In April 1921 the Tyrolean state parliament had a vote in which a majority of 98.8% voted in favor of the merger. A vote carried out on May 29, 1921 in Salzburg resulted in an approval of 99.3% of the votes cast.
Further votes were prevented by protests by the guarantee powers of the peace treaty, especially the French government. In the event that other federal states should follow, threats were made to prevent foreign loans to economically weakened Austria. Federal Chancellor Michael Mayr (CS), who had called for the suspension of all planned related votes, resigned on June 1 when the Styrian state parliament announced that it would still be able to vote. His successor was Johann Schober , who had no party to the German nationality (at the same time Police President of Vienna), who prevented further votes and referred those who were striving for the merger to a later, more favorable time.
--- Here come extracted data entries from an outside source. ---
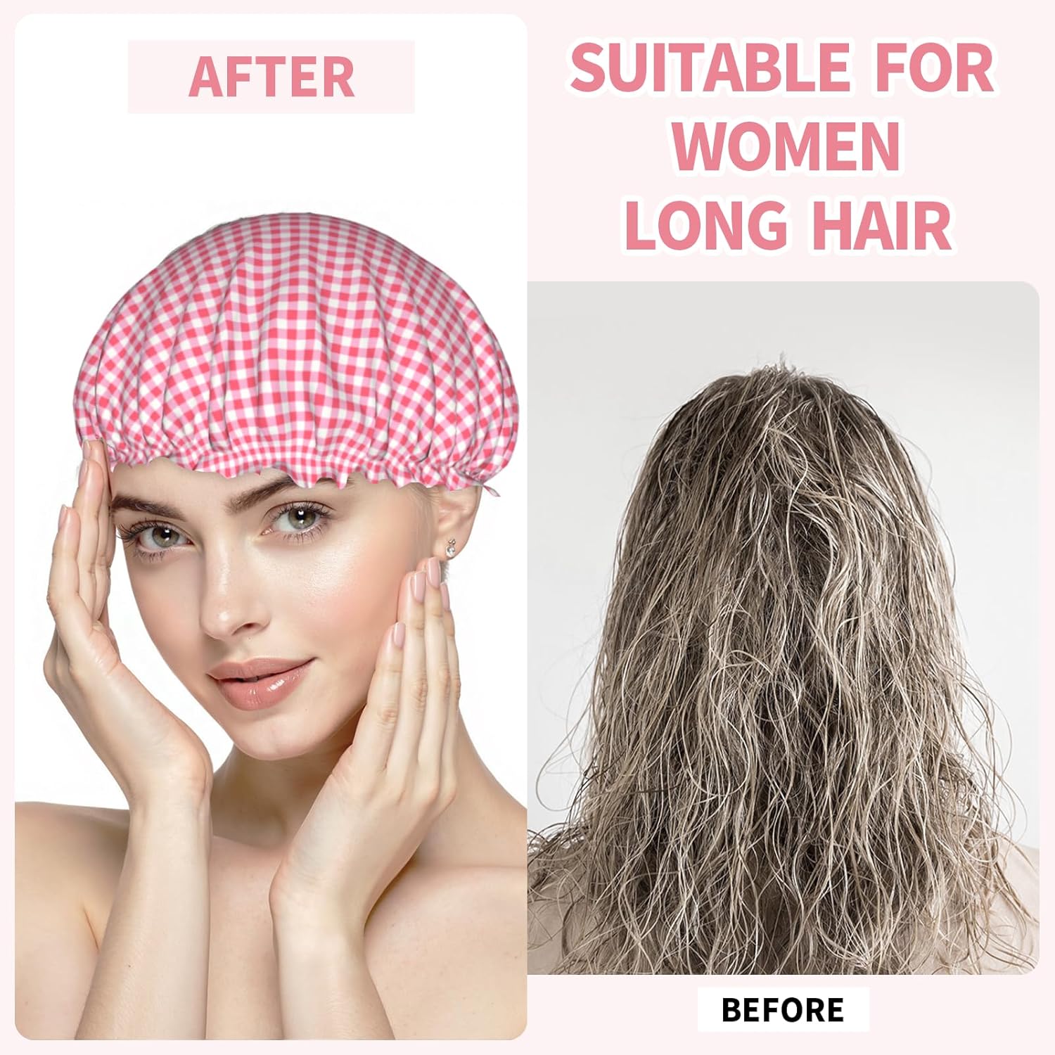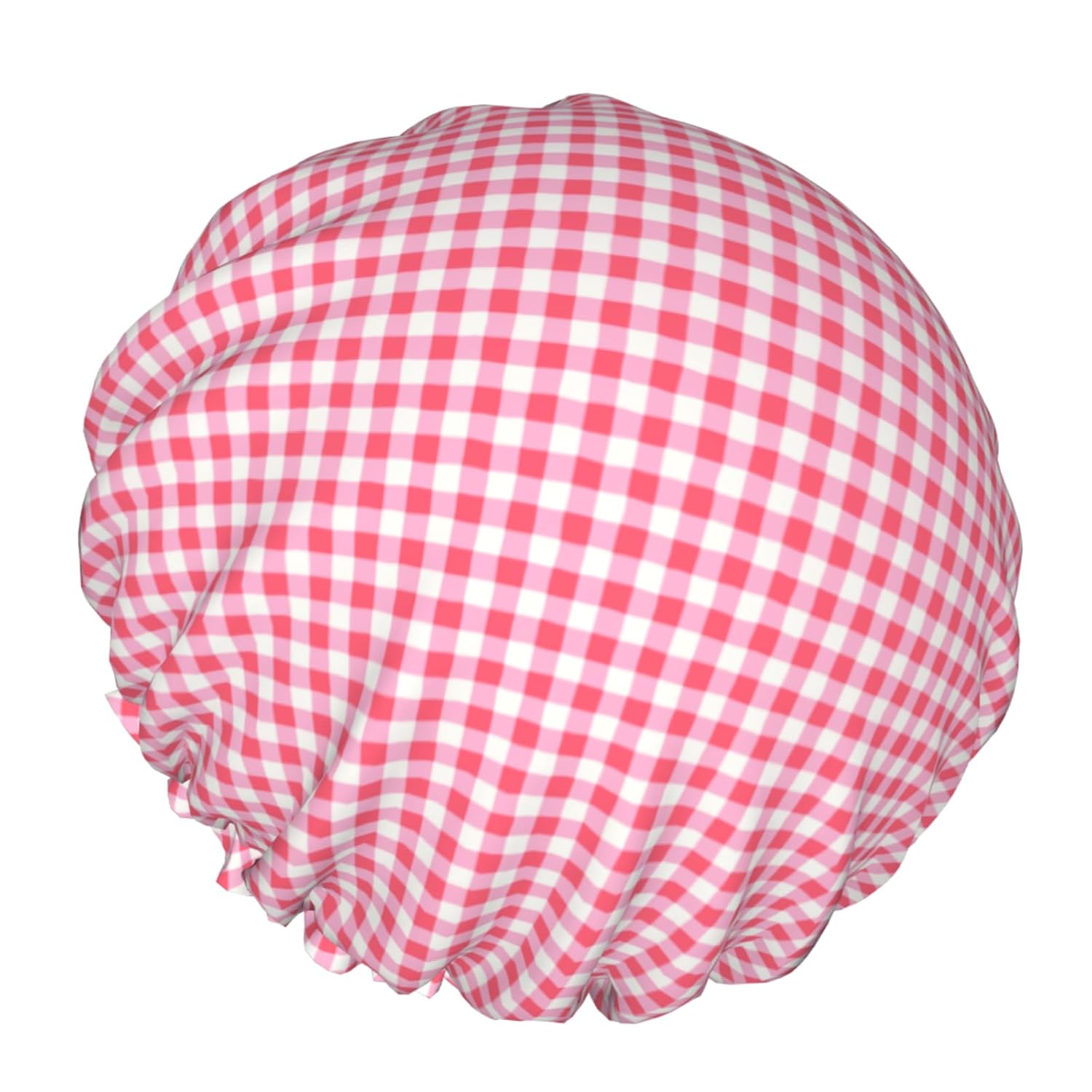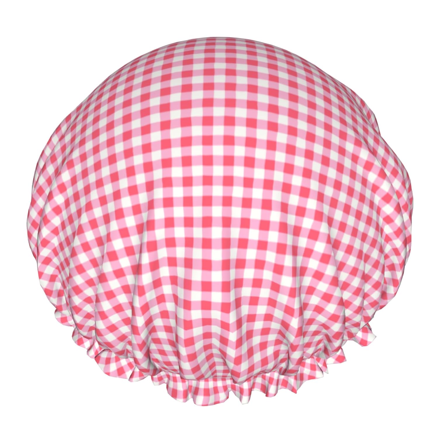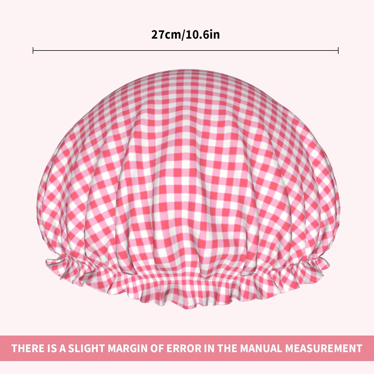 Red Pink Checkered Shower Caps for Women Red Plaid Dual-Layer Waterproof Bath Hat Classic Checkered Pattern Elastic Reusable Hair Cap for Shower Cooking Clean Makeup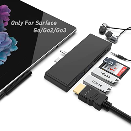 Espandere la porta di tipo C: estendere facilmente una porta USB C a 4K HDMI, 2 porte USB 3.0, 1 slot per schede SD, 1 slot per schede Micro SD/TF, 1 jack audio/cuffie da 3,5 mm. Specificamente progettata per Ms Surface Go, questa docking station Surface Go con superficie Go Edge Shape e si adatta perfettamente. Non deve essere sciolto.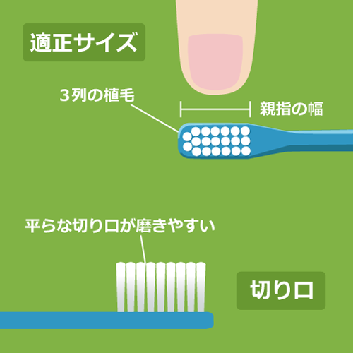 一般的に適正な大きさとされているのは、縦の植毛が3列になっており、横の長さが「親指の幅」もしくは「人差し指の先から第一関節までの長さ」と同じくらいのものです。ヘッドが大きすぎると、奥歯や歯の隙間などの細かい所に毛先が当たりにくく、磨き残しが生じやすくなります。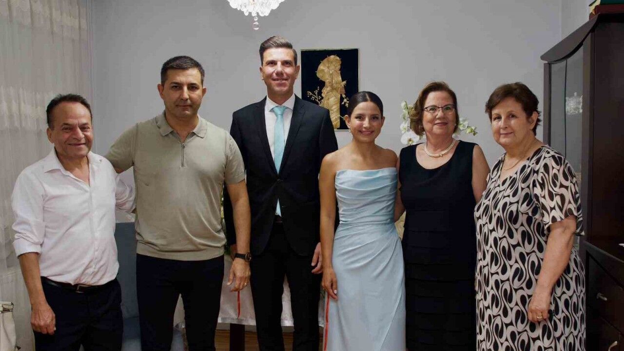 Kuşadası Belediye Başkanı Ömer Günel, Süper Lig hakemi ve Türkiye Faal Futbol Hakemleri ve Gözlemcileri Derneği (TFFHGD) Aydın Şubesi Başkanı Eren Özyemişçioğlu ile Ömerbeyli Tarım Kredi Kooperatifi Müdürü Gülşah Değirmenci’nin nişan yüzüklerini taktı.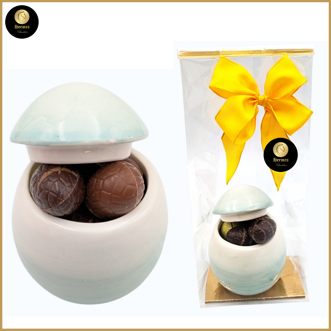 Deze eivormige bonbonière is gevuld 13 chocolade eitjes. Een klein maar fijn geschenk dat perfect past bij Pasen of op de feestelijke ontbijttafel.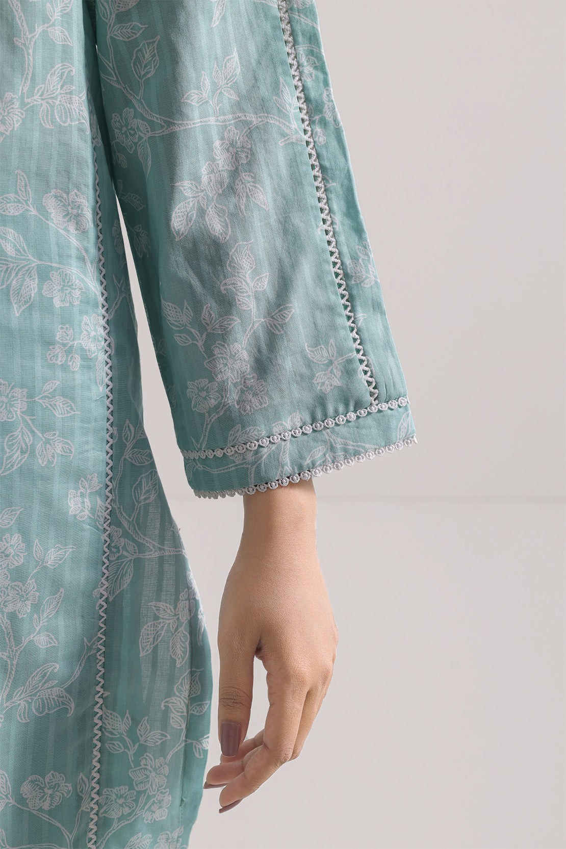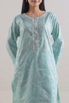 Cyan Printed Lawn Two-Piece Set By SAYA Features A Lightweight Lawn Shirt With Full Print And A Comfortable Stitched Trouser. Shirt Offers Breathable Fabric And A Relaxed Fit While Maintaining Stylish Appeal With Vibrant Cyan Pattern. Trouser Complements With Clean Tailoring And Ready-To-Wear Comfort. Perfect For Daytime Events, Casual Outings Or Warm Climates Where Light, Fashionable Comfort Is Desired.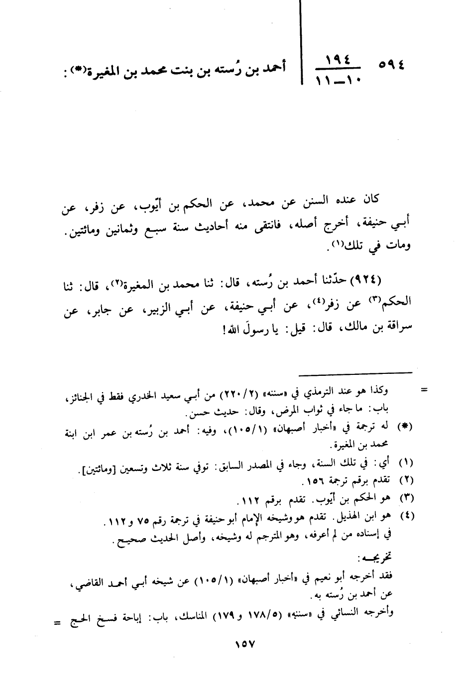 594 - أَحْمَدُ بْنُ رُسْتَةَ بْنِ بِنْتِ مُحَمَّدِ بْنِ الْمُغِيرَةِ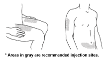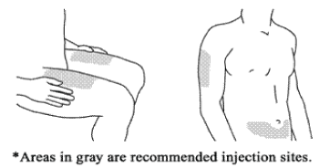 Good sites are the top of the thigh and around the tummy (abdomen) but about 5 centimetres away from the belly button (navel). Avoid, if possible, skin involved with psoriasis. If your caregiver is giving you the injection, they may use the upper arms or buttocks as well.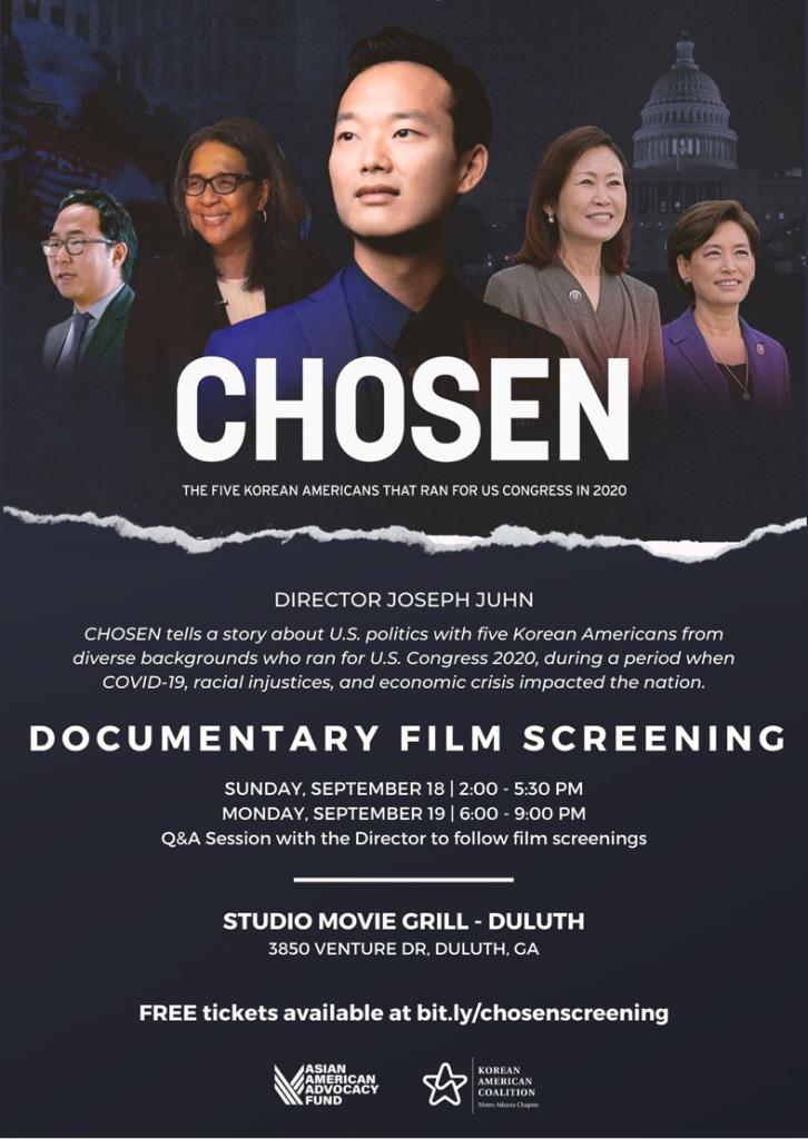 2020년 미국 연방 하원에 도전했던 한인 5명의 이야기를 담은 다큐멘터리 ‘Chosen' 시사회가 오는 9월 18일과 19일 이틀 동안 애틀랜타에서 열린다.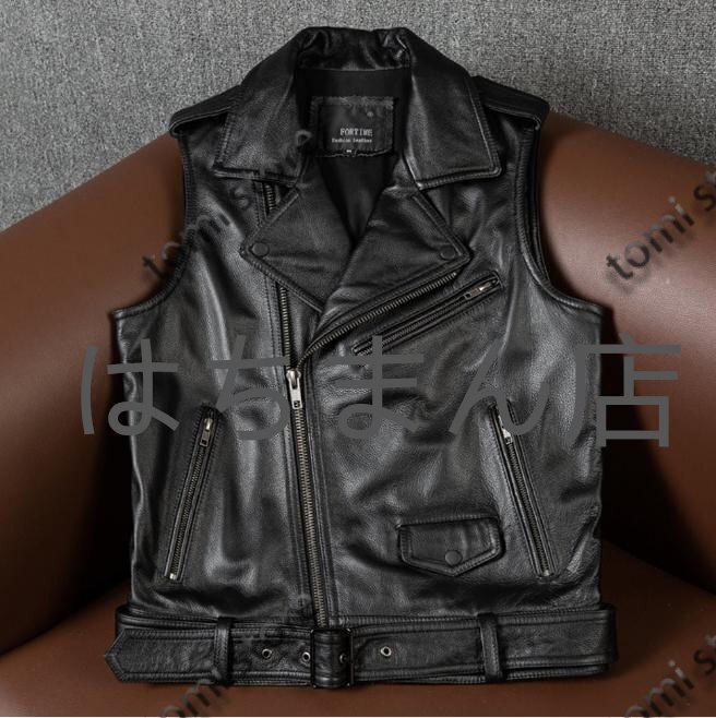 - メンズレザー ハレージャーキン ベスト 本革 牛革 バイクジャケット ライダース ベスト 黒 ☆S~5XL選択/1点

Geneva Protocols and Lausanne Protocol
The ban on joining in the Geneva Protocols of October 4, 1922 between the governments of France , the United Kingdom , Italy , Czechoslovakia and Austria was reaffirmed - a prerequisite for the granting of bonds from the League of Nations to Austria in the amount of 650 million gold crowns . Against the resistance of the Social Democrats, the National Council adopted the Geneva Protocols; they were a prerequisite for the containment of inflation and the 1925 change from the krone currency to the shilling .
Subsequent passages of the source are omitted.